## Work instructions
Set down, please, exactly the lines below that run from the line with "En la mañana" to the line with "2月23日上午,横沥镇工商联", both lines included.

[Data records]
# # # #

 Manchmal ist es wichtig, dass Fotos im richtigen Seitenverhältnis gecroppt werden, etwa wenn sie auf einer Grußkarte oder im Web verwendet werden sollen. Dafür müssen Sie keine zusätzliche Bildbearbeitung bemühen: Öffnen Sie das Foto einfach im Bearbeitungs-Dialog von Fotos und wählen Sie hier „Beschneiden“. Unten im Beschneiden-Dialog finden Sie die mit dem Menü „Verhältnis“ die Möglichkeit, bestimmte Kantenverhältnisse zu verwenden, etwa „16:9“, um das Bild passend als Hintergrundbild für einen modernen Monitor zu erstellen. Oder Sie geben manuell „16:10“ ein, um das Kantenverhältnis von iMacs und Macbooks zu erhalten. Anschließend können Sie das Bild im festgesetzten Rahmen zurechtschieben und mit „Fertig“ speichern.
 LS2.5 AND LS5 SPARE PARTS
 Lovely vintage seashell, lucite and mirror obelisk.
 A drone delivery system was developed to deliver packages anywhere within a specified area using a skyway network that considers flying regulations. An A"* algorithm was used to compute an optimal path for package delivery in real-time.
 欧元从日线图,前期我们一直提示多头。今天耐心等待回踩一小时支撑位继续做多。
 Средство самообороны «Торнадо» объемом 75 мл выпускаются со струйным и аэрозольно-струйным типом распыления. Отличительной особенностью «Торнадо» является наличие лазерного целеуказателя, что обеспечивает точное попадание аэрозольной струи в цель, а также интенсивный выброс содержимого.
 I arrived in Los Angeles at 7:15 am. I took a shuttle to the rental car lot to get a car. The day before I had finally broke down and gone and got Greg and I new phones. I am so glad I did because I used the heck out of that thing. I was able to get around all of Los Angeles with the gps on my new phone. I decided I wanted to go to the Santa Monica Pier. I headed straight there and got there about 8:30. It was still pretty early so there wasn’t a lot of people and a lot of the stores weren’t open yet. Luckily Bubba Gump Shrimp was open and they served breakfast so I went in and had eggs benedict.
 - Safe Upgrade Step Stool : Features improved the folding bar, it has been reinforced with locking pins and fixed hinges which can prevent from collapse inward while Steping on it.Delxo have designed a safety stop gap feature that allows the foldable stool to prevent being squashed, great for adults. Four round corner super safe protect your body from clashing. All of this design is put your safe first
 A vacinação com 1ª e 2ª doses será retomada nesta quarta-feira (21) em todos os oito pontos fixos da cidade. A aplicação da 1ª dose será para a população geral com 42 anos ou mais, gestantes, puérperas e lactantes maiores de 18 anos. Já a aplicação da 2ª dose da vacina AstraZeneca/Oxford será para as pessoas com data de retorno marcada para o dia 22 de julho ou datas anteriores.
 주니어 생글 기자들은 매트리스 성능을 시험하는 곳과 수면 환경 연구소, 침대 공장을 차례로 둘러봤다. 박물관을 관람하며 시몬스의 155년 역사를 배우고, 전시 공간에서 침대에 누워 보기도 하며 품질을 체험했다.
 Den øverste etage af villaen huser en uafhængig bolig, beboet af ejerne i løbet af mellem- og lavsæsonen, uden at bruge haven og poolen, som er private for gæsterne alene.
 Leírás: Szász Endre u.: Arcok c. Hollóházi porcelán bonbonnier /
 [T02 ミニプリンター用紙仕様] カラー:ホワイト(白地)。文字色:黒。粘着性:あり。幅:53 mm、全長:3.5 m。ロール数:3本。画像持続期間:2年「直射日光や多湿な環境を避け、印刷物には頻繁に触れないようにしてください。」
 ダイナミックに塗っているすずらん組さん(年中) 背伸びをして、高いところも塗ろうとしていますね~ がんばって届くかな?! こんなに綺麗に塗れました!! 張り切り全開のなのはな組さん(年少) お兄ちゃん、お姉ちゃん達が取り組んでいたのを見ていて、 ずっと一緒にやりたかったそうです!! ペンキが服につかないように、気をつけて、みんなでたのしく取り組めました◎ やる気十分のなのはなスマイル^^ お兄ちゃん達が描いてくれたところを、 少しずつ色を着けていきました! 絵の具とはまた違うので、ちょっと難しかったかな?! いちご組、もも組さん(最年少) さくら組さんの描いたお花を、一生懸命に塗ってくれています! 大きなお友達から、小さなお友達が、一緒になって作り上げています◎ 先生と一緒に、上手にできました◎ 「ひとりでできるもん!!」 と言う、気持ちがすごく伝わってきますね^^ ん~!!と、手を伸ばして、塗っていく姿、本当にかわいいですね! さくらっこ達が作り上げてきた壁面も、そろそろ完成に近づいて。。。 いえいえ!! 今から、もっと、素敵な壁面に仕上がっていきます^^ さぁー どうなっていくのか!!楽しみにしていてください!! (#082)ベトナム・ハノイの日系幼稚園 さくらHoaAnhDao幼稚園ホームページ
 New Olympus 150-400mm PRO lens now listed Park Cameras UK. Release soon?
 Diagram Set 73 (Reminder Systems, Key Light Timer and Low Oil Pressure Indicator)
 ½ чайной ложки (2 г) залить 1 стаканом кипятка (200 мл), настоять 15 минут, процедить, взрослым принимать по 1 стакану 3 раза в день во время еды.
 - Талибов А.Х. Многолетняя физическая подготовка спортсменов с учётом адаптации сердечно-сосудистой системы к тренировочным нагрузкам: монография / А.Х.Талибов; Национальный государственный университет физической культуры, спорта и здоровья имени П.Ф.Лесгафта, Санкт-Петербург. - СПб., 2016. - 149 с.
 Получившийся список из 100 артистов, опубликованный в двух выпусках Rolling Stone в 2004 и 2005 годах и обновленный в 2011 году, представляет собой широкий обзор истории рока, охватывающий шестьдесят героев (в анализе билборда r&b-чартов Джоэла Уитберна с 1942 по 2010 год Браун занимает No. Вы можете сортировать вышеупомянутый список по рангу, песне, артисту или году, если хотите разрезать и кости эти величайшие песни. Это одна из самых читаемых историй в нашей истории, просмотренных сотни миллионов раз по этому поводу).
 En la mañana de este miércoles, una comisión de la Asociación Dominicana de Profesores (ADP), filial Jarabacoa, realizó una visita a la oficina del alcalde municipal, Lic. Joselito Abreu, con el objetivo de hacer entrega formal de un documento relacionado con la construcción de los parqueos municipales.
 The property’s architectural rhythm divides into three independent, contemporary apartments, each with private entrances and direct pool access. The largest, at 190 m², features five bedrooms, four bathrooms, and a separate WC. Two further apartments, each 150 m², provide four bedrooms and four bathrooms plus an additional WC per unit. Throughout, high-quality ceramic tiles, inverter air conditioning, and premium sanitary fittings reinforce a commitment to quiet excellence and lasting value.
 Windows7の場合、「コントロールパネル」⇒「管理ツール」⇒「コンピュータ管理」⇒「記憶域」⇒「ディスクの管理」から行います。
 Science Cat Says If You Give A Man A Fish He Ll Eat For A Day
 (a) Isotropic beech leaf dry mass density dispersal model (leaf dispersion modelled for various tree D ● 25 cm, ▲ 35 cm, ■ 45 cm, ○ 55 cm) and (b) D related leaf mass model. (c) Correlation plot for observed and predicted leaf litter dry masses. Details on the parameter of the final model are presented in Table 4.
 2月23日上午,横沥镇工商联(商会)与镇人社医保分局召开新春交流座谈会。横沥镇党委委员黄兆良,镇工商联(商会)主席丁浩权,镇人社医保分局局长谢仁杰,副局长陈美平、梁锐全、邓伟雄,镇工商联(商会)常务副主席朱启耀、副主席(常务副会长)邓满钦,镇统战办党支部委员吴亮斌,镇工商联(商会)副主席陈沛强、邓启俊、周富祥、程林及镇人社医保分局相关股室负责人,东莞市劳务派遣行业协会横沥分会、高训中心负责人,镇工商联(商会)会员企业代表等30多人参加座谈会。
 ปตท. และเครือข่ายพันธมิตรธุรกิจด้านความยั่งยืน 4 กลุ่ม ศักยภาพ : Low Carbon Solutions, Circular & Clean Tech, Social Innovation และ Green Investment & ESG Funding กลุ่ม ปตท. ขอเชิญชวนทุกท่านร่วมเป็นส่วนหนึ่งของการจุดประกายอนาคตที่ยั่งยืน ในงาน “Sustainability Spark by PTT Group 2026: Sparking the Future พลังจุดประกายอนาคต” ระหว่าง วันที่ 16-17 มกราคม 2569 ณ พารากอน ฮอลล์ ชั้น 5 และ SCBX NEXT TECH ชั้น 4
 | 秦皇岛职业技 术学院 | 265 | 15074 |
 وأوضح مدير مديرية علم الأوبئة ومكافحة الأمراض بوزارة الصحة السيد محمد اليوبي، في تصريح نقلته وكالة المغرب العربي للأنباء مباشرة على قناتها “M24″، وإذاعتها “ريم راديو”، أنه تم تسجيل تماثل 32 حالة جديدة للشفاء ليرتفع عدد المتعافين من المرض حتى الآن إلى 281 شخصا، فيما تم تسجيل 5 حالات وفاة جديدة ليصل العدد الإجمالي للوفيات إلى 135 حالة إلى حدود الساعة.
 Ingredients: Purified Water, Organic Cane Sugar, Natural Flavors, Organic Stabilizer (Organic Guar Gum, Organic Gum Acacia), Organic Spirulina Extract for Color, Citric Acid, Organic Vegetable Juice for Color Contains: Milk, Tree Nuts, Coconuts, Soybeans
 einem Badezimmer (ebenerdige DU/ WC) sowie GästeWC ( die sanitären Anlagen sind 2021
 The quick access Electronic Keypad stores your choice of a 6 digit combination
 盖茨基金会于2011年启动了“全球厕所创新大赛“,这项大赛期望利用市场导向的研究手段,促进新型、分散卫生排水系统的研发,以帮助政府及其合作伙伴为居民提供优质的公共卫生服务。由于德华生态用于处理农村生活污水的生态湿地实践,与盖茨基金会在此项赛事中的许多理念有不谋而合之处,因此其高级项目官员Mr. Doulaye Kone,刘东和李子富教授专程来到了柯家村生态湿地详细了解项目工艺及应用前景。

# # # #

## Result of this exercise
 En la mañana de este miércoles, una comisión de la Asociación Dominicana de Profesores (ADP), filial Jarabacoa, realizó una visita a la oficina del alcalde municipal, Lic. Joselito Abreu, con el objetivo de hacer entrega formal de un documento relacionado con la construcción de los parqueos municipales.
 The property’s architectural rhythm divides into three independent, contemporary apartments, each with private entrances and direct pool access. The largest, at 190 m², features five bedrooms, four bathrooms, and a separate WC. Two further apartments, each 150 m², provide four bedrooms and four bathrooms plus an additional WC per unit. Throughout, high-quality ceramic tiles, inverter air conditioning, and premium sanitary fittings reinforce a commitment to quiet excellence and lasting value.
 Windows7の場合、「コントロールパネル」⇒「管理ツール」⇒「コンピュータ管理」⇒「記憶域」⇒「ディスクの管理」から行います。
 Science Cat Says If You Give A Man A Fish He Ll Eat For A Day
 (a) Isotropic beech leaf dry mass density dispersal model (leaf dispersion modelled for various tree D ● 25 cm, ▲ 35 cm, ■ 45 cm, ○ 55 cm) and (b) D related leaf mass model. (c) Correlation plot for observed and predicted leaf litter dry masses. Details on the parameter of the final model are presented in Table 4.
 2月23日上午,横沥镇工商联(商会)与镇人社医保分局召开新春交流座谈会。横沥镇党委委员黄兆良,镇工商联(商会)主席丁浩权,镇人社医保分局局长谢仁杰,副局长陈美平、梁锐全、邓伟雄,镇工商联(商会)常务副主席朱启耀、副主席(常务副会长)邓满钦,镇统战办党支部委员吴亮斌,镇工商联(商会)副主席陈沛强、邓启俊、周富祥、程林及镇人社医保分局相关股室负责人,东莞市劳务派遣行业协会横沥分会、高训中心负责人,镇工商联(商会)会员企业代表等30多人参加座谈会。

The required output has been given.